The reach of the Haitian cholera outbreak was more than any single country’s surveillance system can map, but Twitter’s global reach could potentially lend a hand in mapping out hot spots and track disease spread.

Twitter’s tricky terminology

Twitter’s usage in monitoring chronic diseases had also been studied. One difficulty in using Twitter to study diseases is how to identify disease terminologies accurately within Twitter’s colloquial lexicon. A study conducted by Weeg and colleagues published in the Journal of Medical internet Research in 2015 found mild correlations between Twitter mentions and prevalence of certain diseases, but the correlations are not so straight forward and vary largely depending on the disease; certain diseases are better tracked via Twitter than others.

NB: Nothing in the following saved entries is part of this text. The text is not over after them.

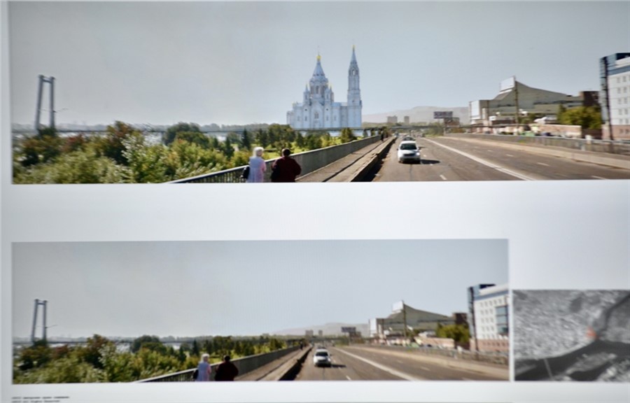 Таким образом, земельный участок под храм будет вплотную прилегать к улице Карла Маркса и займет почти все место от вантового моста до музейного центра «Площади Мира».
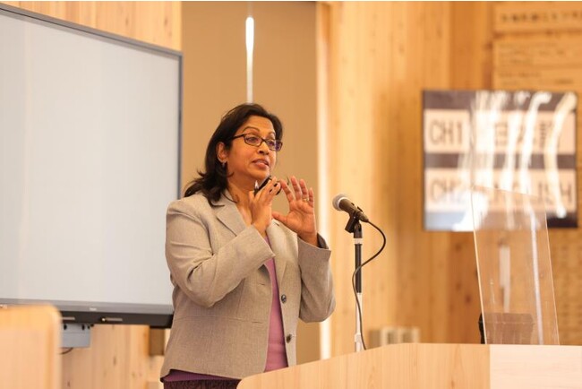 シリマン局長は、数日前に竣工したばかりの共育共創コモンズ(※)で、「技術革新の波を捉える‐公平性のあるイノベーション」と題して、本学学生・教職員、地域の方や高校生ら約100人の参加者に対して特別講演を行いました。局長からは「私の講演が、フロンティアテクノロジーに関連して先進国と開発途上国の間にある格差をなくすために、また、これらのテクノロジーにより誰をも排除しない持続可能な社会へと導くために、政府、企業、市民社会、国際社会ができることについて、より良いアイデアを提供できることを願っています」等とのお話があり、参加者が熱心に耳を傾けました。
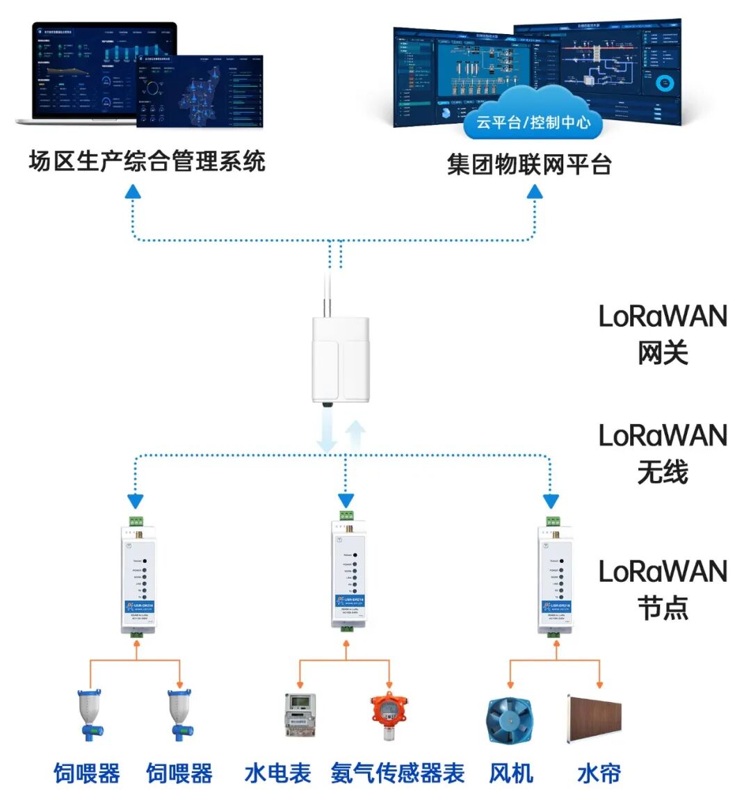 场景案例:偏远养殖场的智慧畜牧全厂覆盖。 在位置偏远、缺乏蜂窝网络覆盖的大型养殖场,需要对牲畜饲喂、圈舍环境、设备安全等进行全面监控。特点是区域广袤、设备分散、需电池长期供电,且需接入多种类型的传感器。 方案特点:部署LoRaWAN网络,实现养殖场全区域的无线信号覆盖。支持接入基于标准协议的各种LoRaWAN传感器,如智能饲喂器、环境监测终端(温湿度、氨气)、断电报警器、生物安全(门禁、入侵)传感器等。所有数据通过少量网关统一上传至管理平台,实现对养殖过程的全面数字化管理。 核心价值:低功耗、广覆盖、大容量,适合海量低速率节点的规模化部署。 推荐产品:LG280(网关),DR206-CN470(节点)
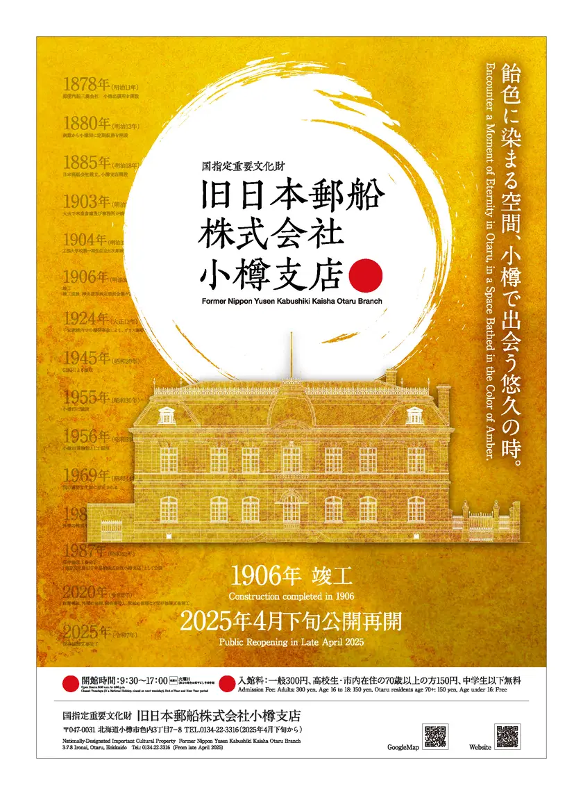 長き修復期間を経て、2025年4月25日に旧日本郵船株式会社小樽支店が公開再開されることになりました。
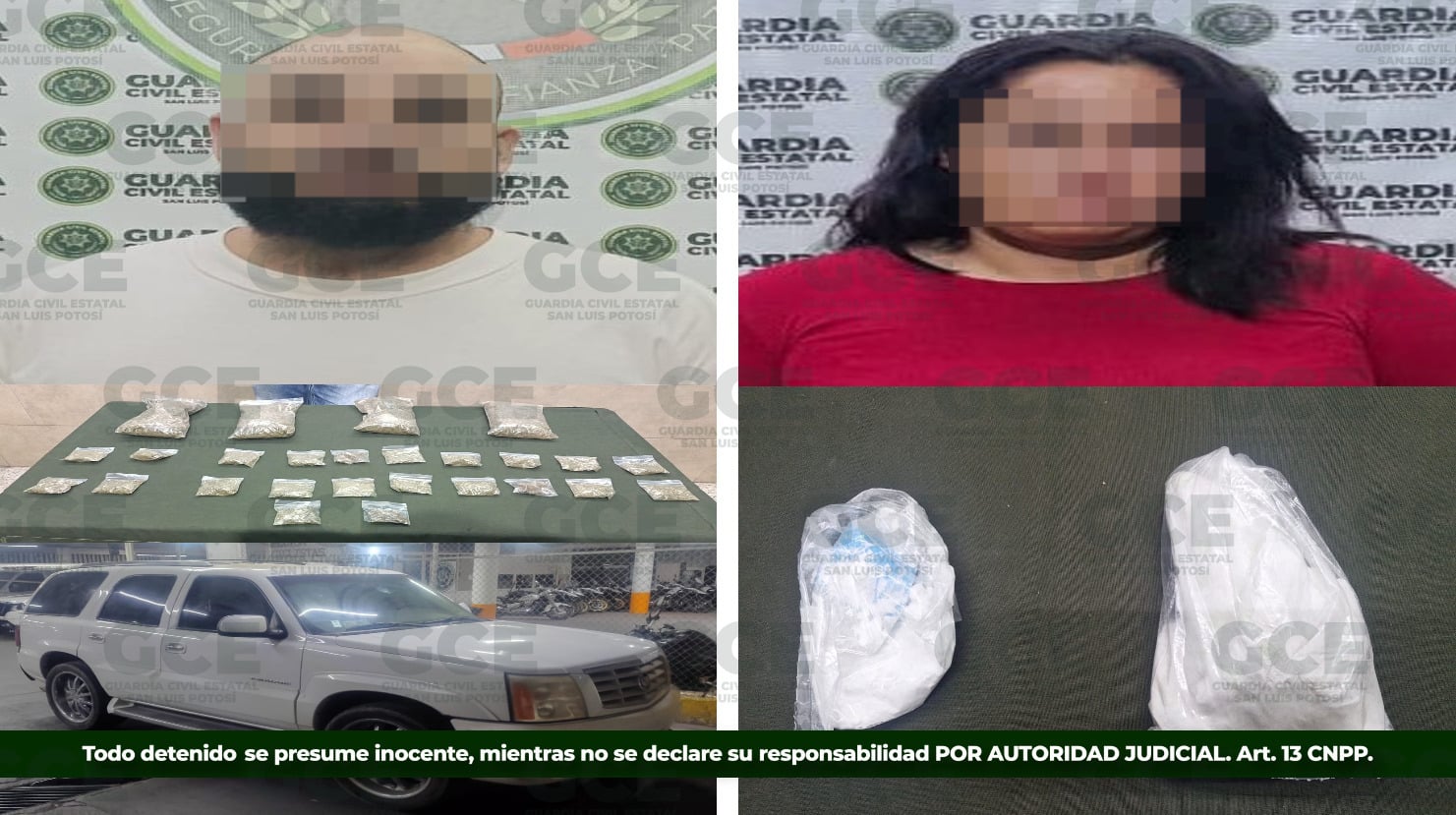 En acciones paralelas, la GCE realizó más detenciones por narcomenudeo en distintos puntos del estado. En la capital potosina, San Luis Potosí, fueron detenidos Fernando “N”, de 29 años, y Ricardo “N”, de 26, tras asegurarles 21 bolsas con marihuana. Ambos fueron identificados como principales distribuidores de sustancias ilícitas en el sector sur de la zona metropolitana y cuentan con antecedentes por presuntos delitos contra la salud.

For example, measuring disease frequency of “heart attacks” can be difficult as the terminology is often used in ways not related to the actual medical condition, such as when a person tweets “I can’t believe I saw my ex, it almost gave me a heart attack.” Similarly, the “stroke” terminologies only referred to the actual medical condition 22% of the time.

Diabetes, however, is a disease that can be tracked more easily via Twitter, as the researchers found that 98% of tweets containing the word “diabetes” referred to the medical condition. For diseases that have high terminology ambiguity, higher correlation with prevalence can be obtained with human-aided adjustments. Difficulties with terminology ambiguity mean the process is going to be difficult to automate through search algorithms.

While the most traditional way to use Twitter in healthcare is to disseminate healthcare information, spread disease awareness, and marketing, several recent epidemiology studies have found new uses for Twitter. However, we are still far from being able to use Twitter effectively in disease trend research, and most of past studies are done with English Tweets only. Twitter had 326 million monthly active users as of Q3 in 2018 and roughly 79% are based outside the US, making it an important data source both in terms of size and geographical spread. More research is needed to refine methodology and to see if the same methodology is applicable on a global scale in non-English speaking regions.